COLUMN_A and COLUMN_B are any series. The result is a strategy for creating new columns from existing ones. This is very general. From a DI perspective, COLUMN_A and COLUMN_B can be thought of as "requests".

A directed acyclic graph represents the result of finding the appropriate (concrete) dependencies for every (abstract) request and linking them together. This is what "dependency injection" frameworks are essentially doing. Often this is done via convention, including looking at the names of variables and functions. Hamilton is doing this. In my opinion, names of variables and functions should not be used by dependency injection frameworks if you can avoid it, because it makes the code brittle in the face of what should be "safe" refactors (including minification and uglification). But it's possible it can't reasonably be avoided in Hamilton's case and may be the right choice.

Note that you don't need the injection framework (Hamilton) to benefit from using dependency inversion. This is often what people mean when they say using dependency inversion makes your code more testable: you can test it in isolation by just calling the function directly, instead of depending on the injection framework to stitch things together for you. That's well and good, but testability is just a side benefit of the real win of cleaner and better organized code.

If you want an even more general pattern, it's a common and effective strategy to look at the structure of the code you're sick of writing, and seek to encode that structure explicitly into a data structure that you can programmatically manipulate.
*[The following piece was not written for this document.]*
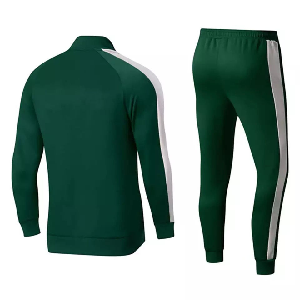Survêtement de sport vert à rayures latérales blanches pour hommes, vêtements d'entraînement, survêtement à col montant de haute qualité pour hommes, vente à chaud

Less code-as-code and more code-as-data. That used to be called "metaprogramming", but it lost its name because it's so general and ubiquitous now. This huge category of refactors covers things like iterables instead of loops, reactive streams instead of callbacks, dependency injection frameworks, expression trees, various forms of reflection, and more.

[asdfgeoff]

Awesome explanation. When writing pandas code, I tend to make heavy use of method-chaining and lambda functions to achieve something along these lines. But I have never been able to articulate why.

  df.assign(COLUMN_C=lambda x: x['COLUMN_A'] + x['COLUMN_B'])

But looking solely at the wikipedia page for dependency inversion principle… I'm not sure I would have connected the dots here myself.

Can you recommend any noteworthy resources for a data scientist who is interested in learning more about software engineering patterns like this?